▸ **Exercise requirements**
Up to and including the line with "Moo Station’s offerings", write out the listing from its first line, minus the pictures.

▸ **Dataset records**
○ ○ ○
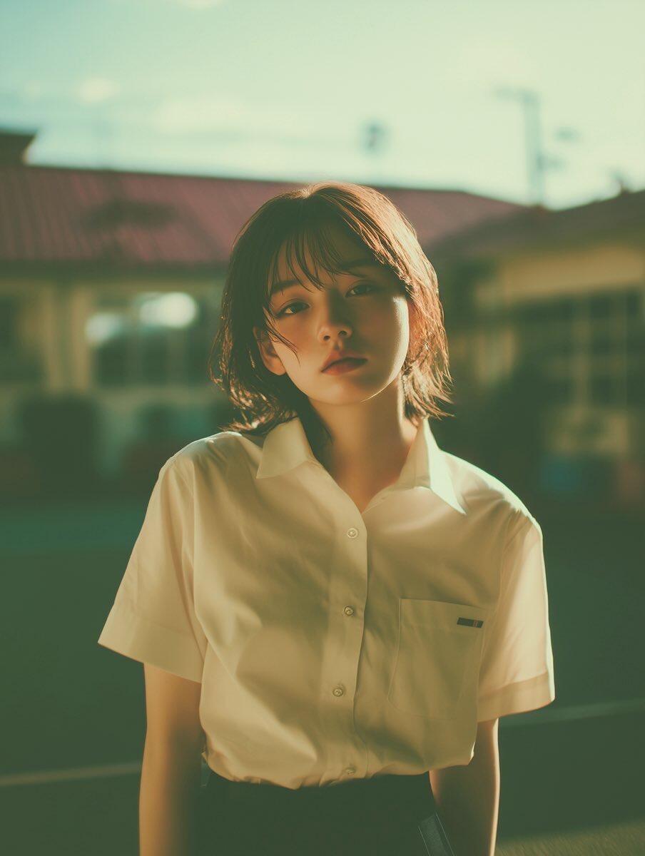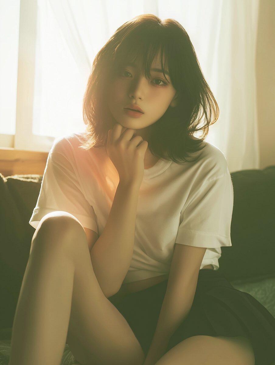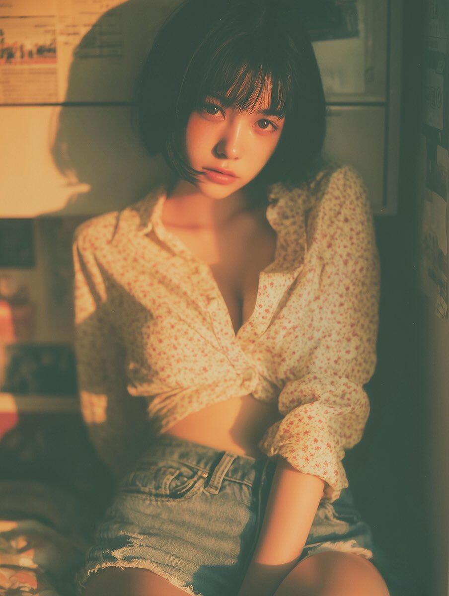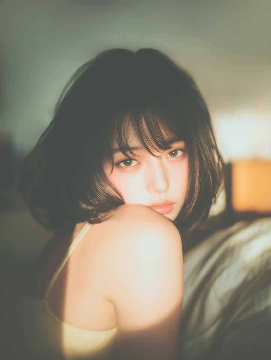 窗帘没拉严,夕阳就从缝里溜进来,裹着她肩颈的弧度,像块融化的黄油。 吊带是浅米色,和床单的绒面揉在一起,发尾蜷在耳后,连唇色都淡得像加了层雾。她没看镜头,视线落在床沿那盏没亮的灯上,睫毛垂着,把情绪藏在半明半暗里。 这种“不聚焦”的温柔最戳人——不是用力的美,是松弛下来的松弛:肩膀垮着,头发乱着,连光都懒懒散散,却把“舒服”两个字揉进了每寸光影里。 原来最好的写真,是让镜头变成房间里的另一缕风,轻轻碰了碰她的情绪。
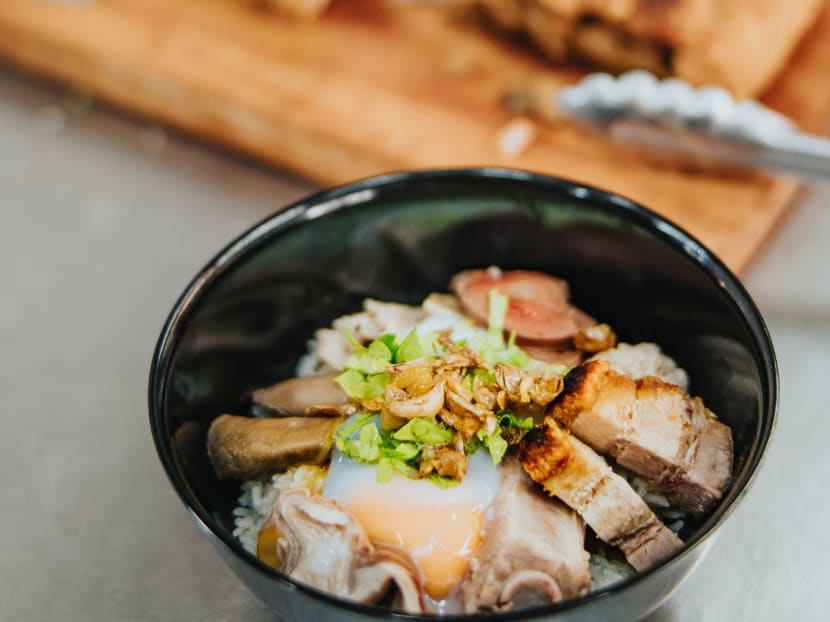 Moo Station’s offerings are lean and straightforward: Two sizes of their Signature Pork Dry Rice Porridge (which comes with slightly different toppings) starting at $5; Pork Porridge ($4.50) and accompaniments like Crispy Pork Belly ($6) and Fried Pork Skin ($1.50). There’s even an unorthodox Onsen Egg add-on ($0.80).
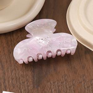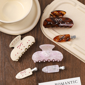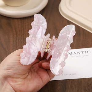 韓国版の新しいアセテートドットリボンクリップピンクシームレスヘアクリップハイエンド気質サメクリップ
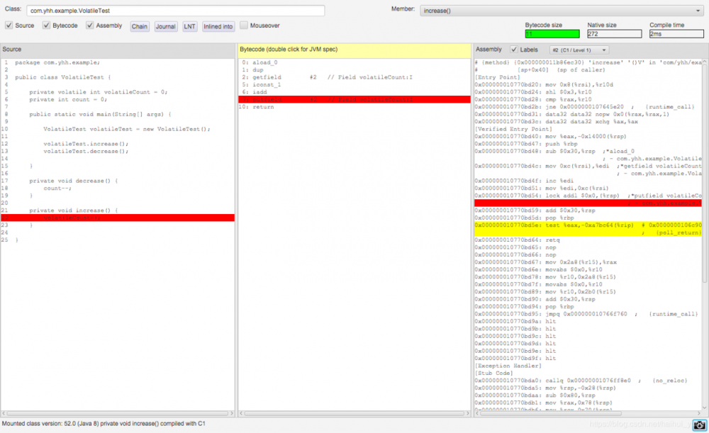 前面又说到,如果当前系统是多核处理器则会在添加 lock 指令前缀,否则就不加。而 volatile 是在给变量赋值时会加 lock 指令的。如图:
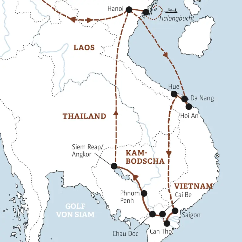 Zwei Länder - viele Gesichter. In Vietnam begegnet uns ein charmanter Mix aus asiatischer Geschäftigkeit, religiöser Vielfalt und wahren Naturschätzen. Und auch im buddhistisch geprägten Kambodscha hält langsam die Moderne Einzug. Eine Rundreise durch das faszinierende Indochina von heute mit seinen schwimmenden Märkten, Karstfelsen und kolonial geprägten Altstädten. Über Nacht auf einer Holzbarke durchs Mekongdelta und über Land von Phnom Penh zu verwunschenen Tempeln. Und als krönender Abschluss: Angkor, die Stadt der Götter!
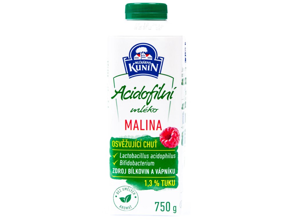 MLÉKÁRNA KUNÍN Mléko acidofilní malina chlaz. 750 ml za internetové ceny
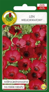Jednoroczna roślina o delikatnych pędach i czerwonych, dużych kwiatach osiągających średnicę 5cm. Nasiona lnu wielkokwiatowego wysiewamy od kwietnia do czerwca wprost do gruntu, gdyż nie znosi przesadzania. Kwitnie w okresie czerwiec-sierpień. Doskonały na niskie rabaty. Dobrze rośnie na każdej glebie. Nie jest wymagający.
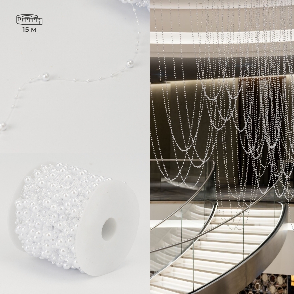 Довжина - 15 метрів. Декоративна гірлянда з перлин на волосіні — стильний елемент для святкового оздоблення та інтер’єрного декору. Вона ідеально підходить для оформлення весілля, дня народження, фотозони, святкового столу чи вітрини. Завдяки прозорій основі здається, що намистини ніби ширяють у повітрі, створюючи витончений і легкий ефект. Гірлянда легко ріжеться на відрізки потрібної довжини та гармонійно поєднується з квітковими композиціями, свічками, текстилем та іншими декоративними елементами. Це універсальне рішення, яке додає вишуканості будь-якому святу чи інтер’єру.
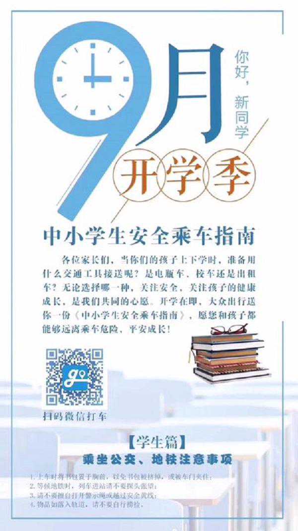 新民晚报讯(首席记者曹刚)明天开学首日,送学车流增多,叠加早高峰通勤车流,交通压力将明显加大。上海公交和出租车行业积极应对,多措并举,全力保障学生出行。 公交行业从9月开始取消夏令时刻表,暑假停开、降低发班密度的线路已恢复正常营运,并根据道路拥堵等实际情况,适时增加备车。其中,浦东公交上南公司优化调整576路、780路、980路等多条途经学校的线路时刻表,共计划增加307个班次;金高公司对130路、815路、大桥四线等10条途经学校的线路,恢复正常运能及实施增能,并调整浦东32路车型,提高载客量;南汇公司对川芦专线、龙东专线、沪南线等16条线路恢复正常运能,并针对轨交接驳和客流增长较快的线路实施增能。 图说:大众出行平台制定了《中小学生安全乘车指南》 各出租汽车企业电调中心认真做好“送学”订单预约和车辆调派落实。其中,强生出租通过经济奖励和积分政策,充分调动驾驶员积极性,尽力做好供车保障;大众出租结合旗下“大众出行”平台,在电话调度和APP软件内同时接受“送学”订单,并落实800多辆专属车辆,自动接受相关指定订单。此外,大众出行平台还制定了《中小学生安全乘车指南》,从学生乘车安全须知到家长接送孩子“四不要”,细致入微地为学生安全出行提供保障。
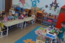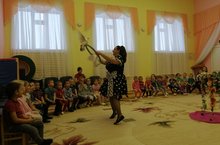 К нам в детский сад со своим цирковым представлением приехал выездной цирк "Овация". Артисты выступили со своими лучшими номерами. Это была и клоунада, фокусы, номера с дрессированными голубями, собачкой, кроликом и удавом. Дети от представления были в восторге!
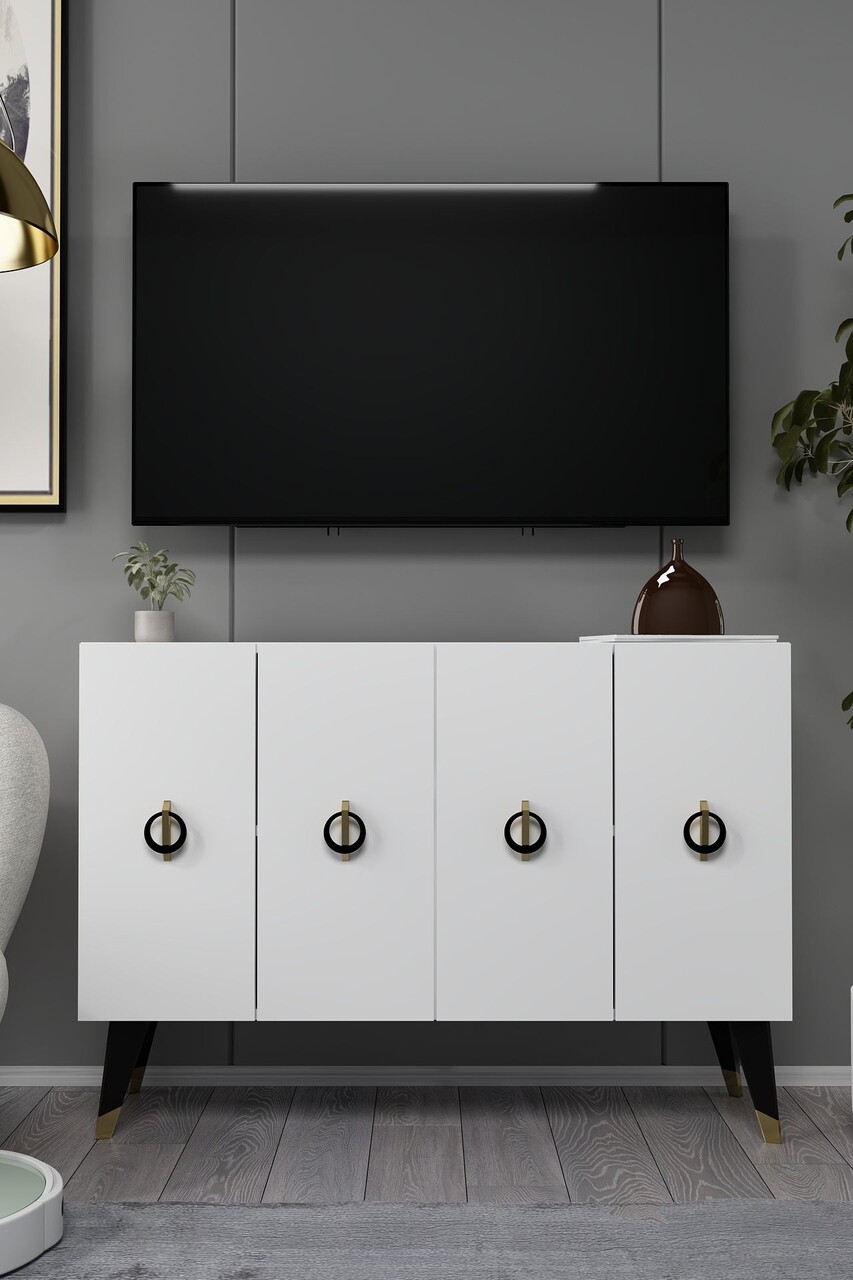 Consola, Hanah Home, 8183KM-32, 120x80x29.6 cm, PAL , Alb / Negru / Auriu
○ ○ ○
▸ **Answer area**
 窗帘没拉严,夕阳就从缝里溜进来,裹着她肩颈的弧度,像块融化的黄油。 吊带是浅米色,和床单的绒面揉在一起,发尾蜷在耳后,连唇色都淡得像加了层雾。她没看镜头,视线落在床沿那盏没亮的灯上,睫毛垂着,把情绪藏在半明半暗里。 这种“不聚焦”的温柔最戳人——不是用力的美,是松弛下来的松弛:肩膀垮着,头发乱着,连光都懒懒散散,却把“舒服”两个字揉进了每寸光影里。 原来最好的写真,是让镜头变成房间里的另一缕风,轻轻碰了碰她的情绪。
 Moo Station’s offerings are lean and straightforward: Two sizes of their Signature Pork Dry Rice Porridge (which comes with slightly different toppings) starting at $5; Pork Porridge ($4.50) and accompaniments like Crispy Pork Belly ($6) and Fried Pork Skin ($1.50). There’s even an unorthodox Onsen Egg add-on ($0.80).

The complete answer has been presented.